THE OBLIGATIONS EVIDENCED HEREBY ARE SUBORDINATE IN THE MANNER AND TO THE
EXTENT SET FORTH IN ARTICLE FOURTEEN OF THE INDENTURE TO THE OBLIGATIONS
(INCLUDING INTEREST) OWED BY THE COMPANY AND CERTAIN OF ITS SUBSIDIARIES TO
ALL SENIOR INDEBTEDNESS; THE GUARANTEE OBLIGATIONS EVIDENCED HEREBY ARE
SUBORDINATE IN THE MANNER AND TO THE EXTENT SET FORTH IN ARTICLE THIRTEEN OF
THE INDENTURE TO THE OBLIGATIONS (INCLUDING INTEREST) OWED BY THE GUARANTORS
TO ALL SENIOR GUARANTOR INDEBTEDNESS; AND EACH HOLDER HEREOF BY ITS
ACCEPTANCE HEREOF, SHALL BE BOUND BY THE PROVISIONS OF THE SUBORDINATION AS
SET FORTH IN SAID ARTICLE THIRTEEN AND ARTICLE FOURTEEN OF THE INDENTURE.
- 38 -
SONIC AUTOMOTIVE, INC.
9.0% SENIOR SUBORDINATED NOTE DUE 2018 SERIES A
Sonic Automotive, Inc., a Delaware corporation (herein called the Company, which term
includes any successor Person under the Indenture hereinafter referred to), for value received,
hereby promises to pay to or registered assigns, the principal sum of United
States dollars, or such other principal amount as may be set forth on the Security Register on
Appendix A hereto in accordance with the Indenture, on March 15, 2018, at the office or agency of
the Company referred to below, and to pay interest thereon from March 12, 2010, or from the most
recent Interest Payment Date to which interest has been paid or duly provided for, semiannually on
March 15 and September 15 in each year, commencing September 15, 2010 at the rate of 9.000% per
annum, subject to adjustments as described in the second following paragraph, in United States
dollars, until the principal hereof is paid or duly provided for. Interest shall be computed on
the basis of a 360-day year comprised of twelve 30-day months.
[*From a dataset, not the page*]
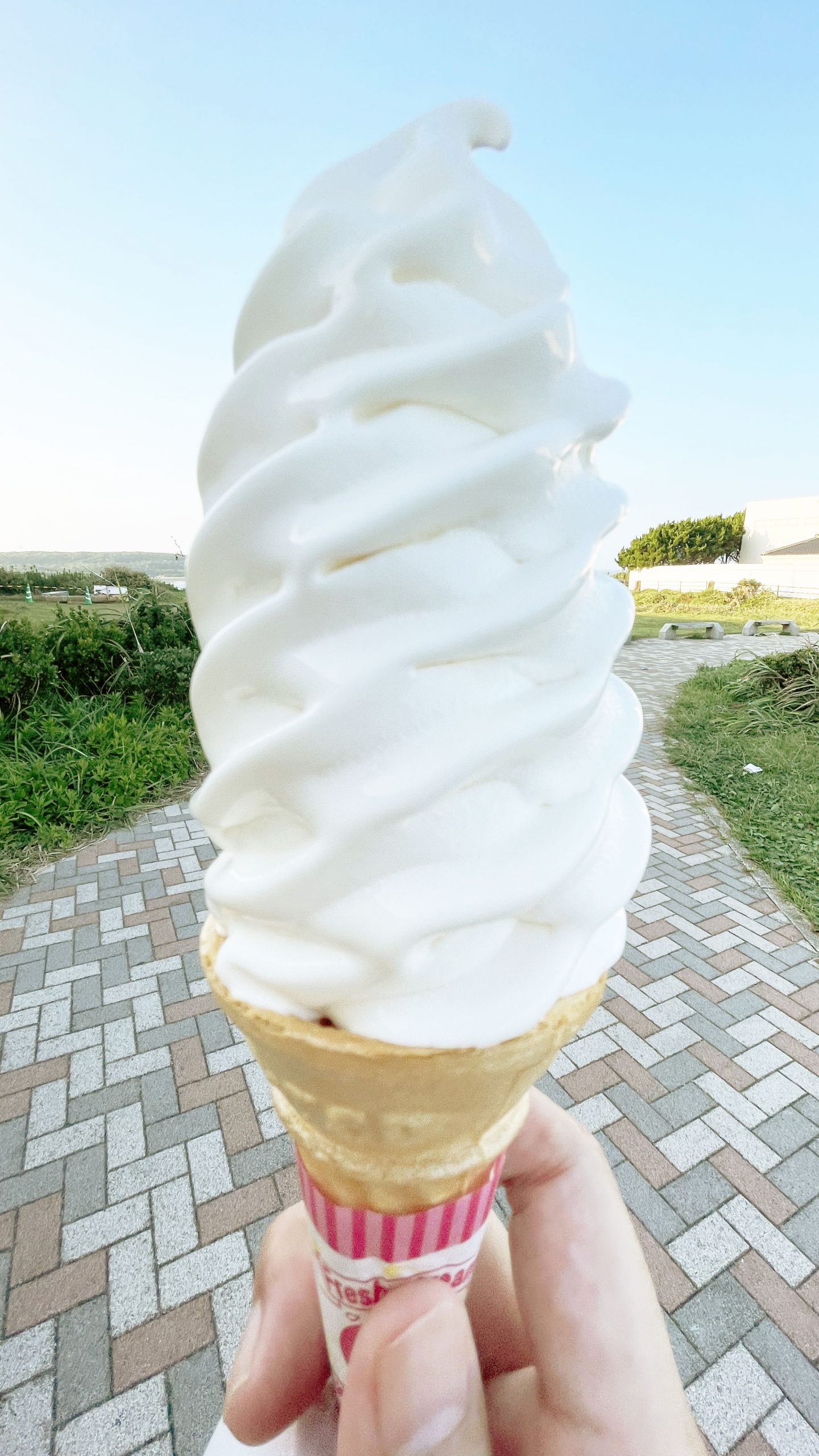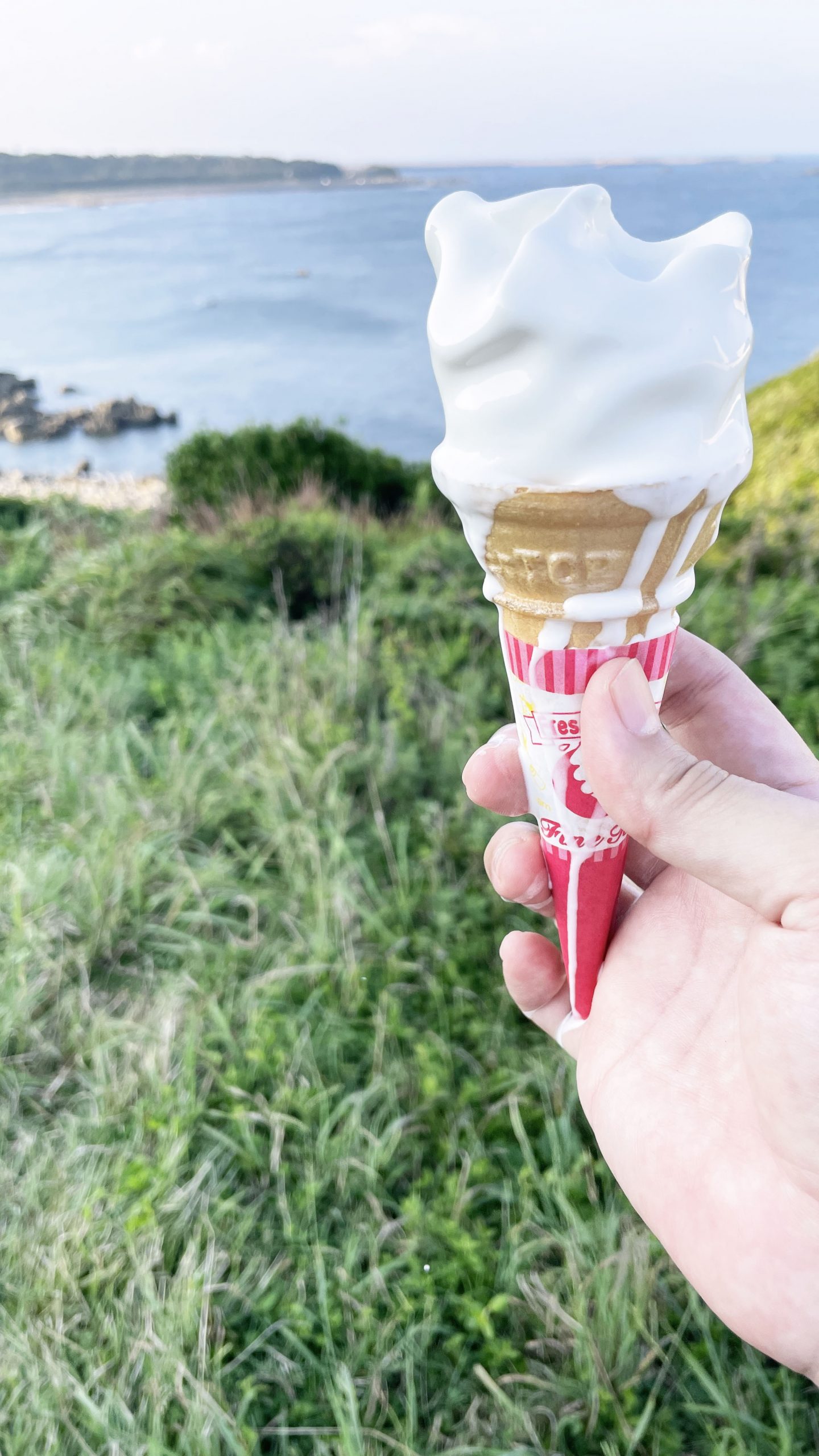 店内で食べることもできるが、犬吠岬の海を眺めながら食べるのもステキである。最近のソフトクリームは溶けるスピードが遅いものが多いが、ここのソフトクリームは徹底的にとけるスピードが速く、そういう意味でも昭和的な昔懐かしいタイプのソフトクリームといえよう。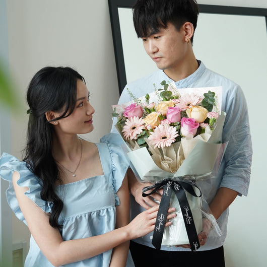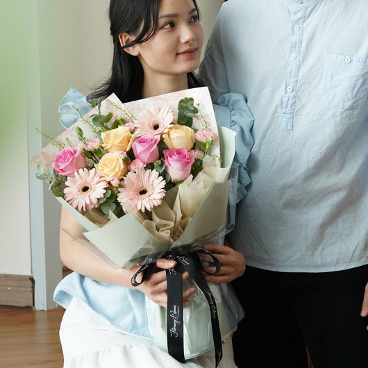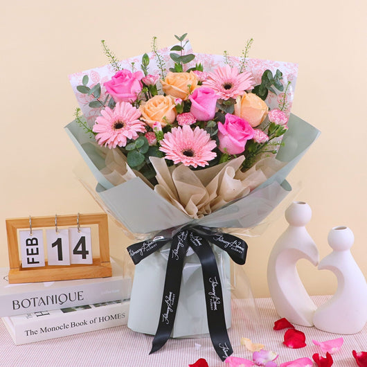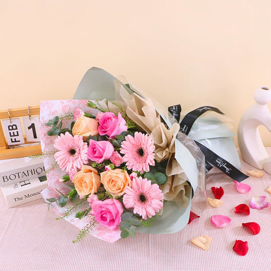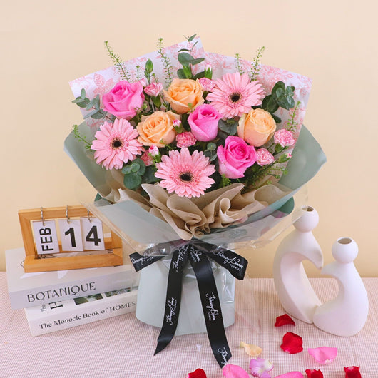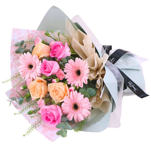 Package Size Standard (9 stalks) RM 209 Included Pink&Champagne Rose , Pink daisy , Carnation spray , Thilaspi , eucalyptus |

The Holder of this Series A Security is entitled to the benefits of a Registration Rights
Agreement, pursuant to which, subject to the terms and conditions thereof, the Company and the
Guarantors are obligated to consummate the Exchange Offer pursuant to which the Holder of this
Security (and related Guarantees) shall have the right to exchange this Security (and related
Guarantees) for 9.0% Senior Subordinated Notes due 2018, Series B and related Guarantees (herein
called the Series B Securities) in like principal amount as provided therein. The Series A
Securities and the Series B Securities are together (including related Guarantees) referred to as
the Securities. The Series A Securities rank pari passu in right of payment with the Series B
Securities and will be treated as one class with the Series B Securities.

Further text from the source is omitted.